Scientific classification
- Kingdom: Animalia
- Phylum: Chordata
- Class: Amphibia
- Order: Anura
- Clade: Brachycephaloidea
- Family: Eleutherodactylidae
- Genus: Adelophryne
- Species: A. baturitensis
- Binomial name: Adelophryne baturitensis Hoogmoed, Borges, and Cascon, 1994

= Adelophryne baturitensis =

- Authority: Hoogmoed, Borges, and Cascon, 1994
- Conservation status: VU

Species of frog

Adelophryne baturitensis is a species of frog in the family Eleutherodactylidae. It is endemic to north-eastern Brazil and is known from its type locality, Serra de Baturité (or Maçico de Baturité) in the state of Ceará.

==Description==
Adult males measure 12–13 mm and adult females 12–16 mm in snout–vent length. The head is longer than it is wide. The snout is truncate in dorsal view and rounded in profile. The tympanum is small but distinct. There is no supra-tympanic fold and the canthus rostralis is indistinct. The fingers have no webbing and only the fingers III–IV have small discs. The toes have no webbing but have small discs. The skin is smooth. The dorsal coloration is brown; there is a darker pattern starting from between the eyes. The snout and the sides are brown. There is a dark brown band running from the snout to the sides and tapering towards the groin. The limbs have cross-bands. The iris is gold.
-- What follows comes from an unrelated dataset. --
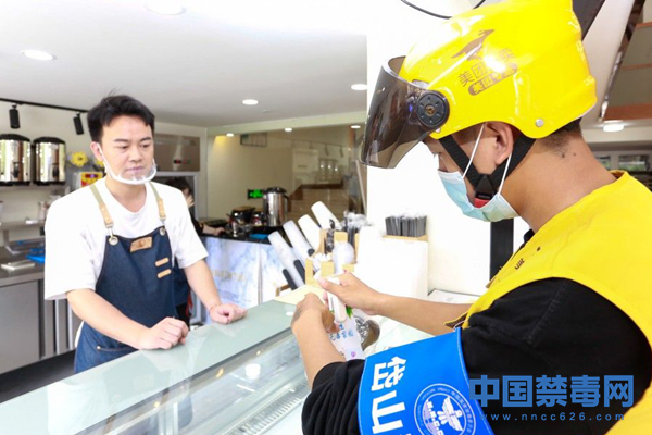 6月23日,在浙江省舟山市岱山县一家餐饮店里,外卖骑手将禁毒宣传单放进外卖包裹里。邹训永 摄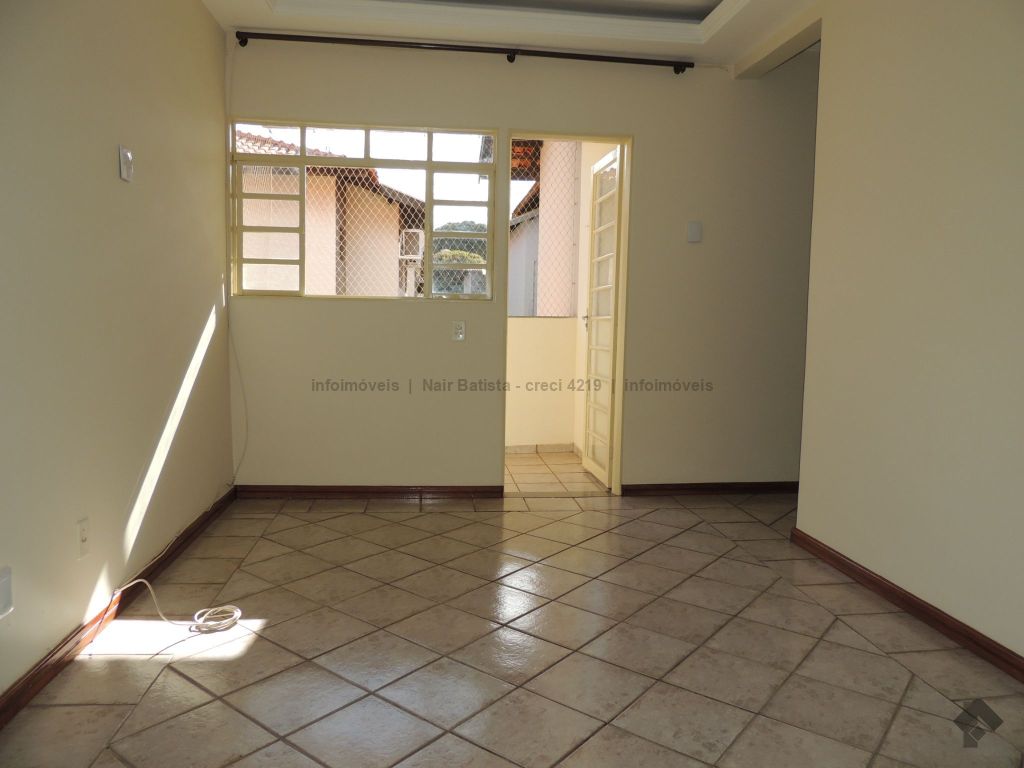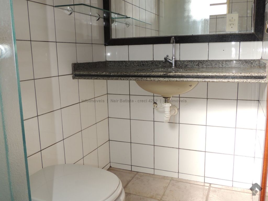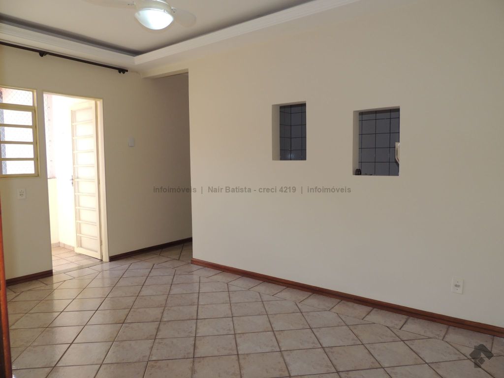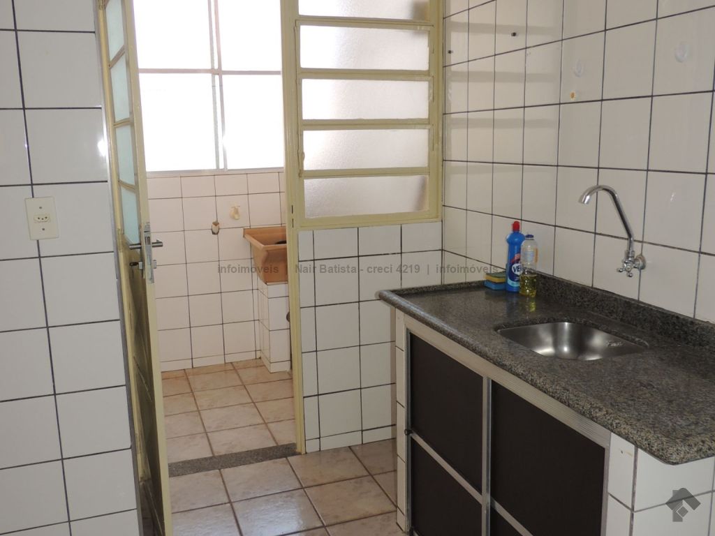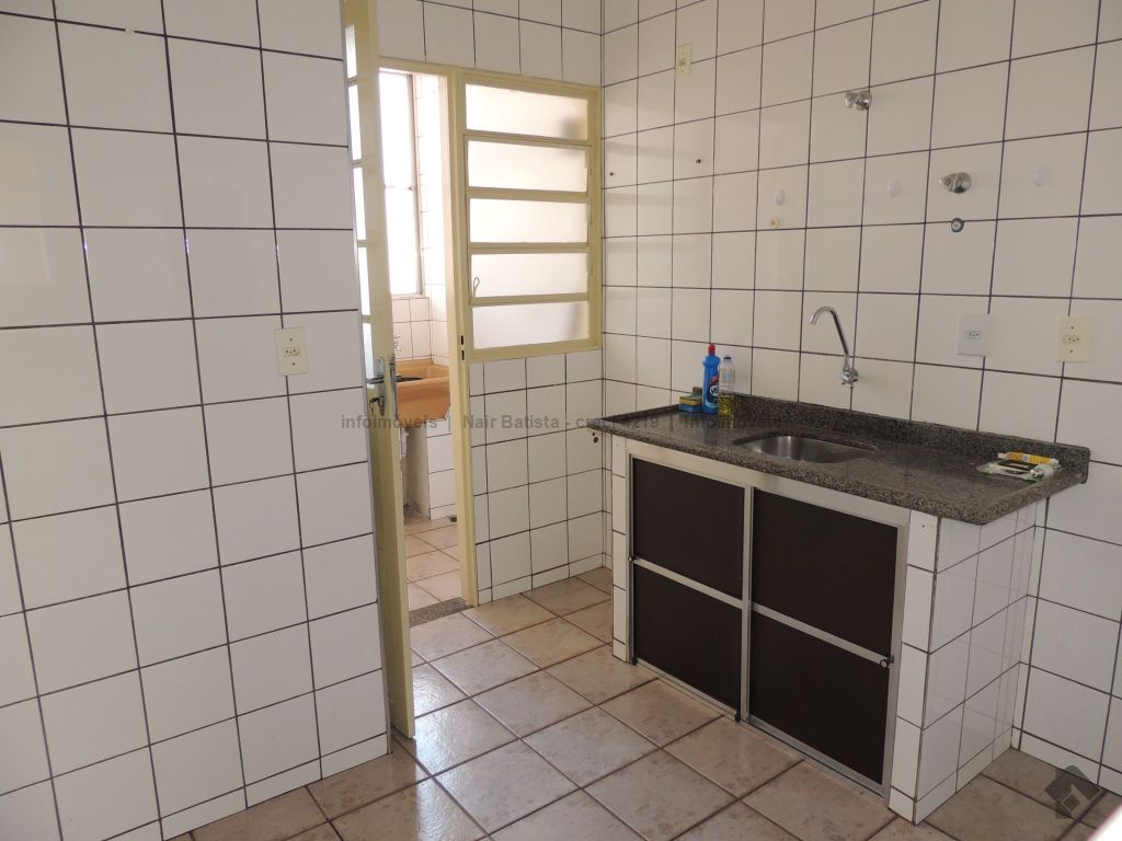 Unidade composta por sala de estar com sacada, um apartamento com ventilador de teto, dois quartos sociais com ventilador de teto, um banheiro social, cozinha, área de serviço e uma vaga de garagem. O condomínio oferece piscina e quiosque com churrasqueira.

==Habitat and conservation==
Adelophryne baturitensis is a diurnal leaf-litter species that can be locally common; it can be found in dry or moist leaf-litter on the ground, in bromeliads, and stream margins in reasonably well-preserved closed forests, but also surviving in shaded coffee plantations, at elevations of 600–1000 m above sea level. The Pernambuco locality is an Atlantic Rainforest remnant.

The species is threatened by habitat loss caused by logging, agriculture, and human settlement; it occurs in areas of good soil and climate, favoring agricultural expansion.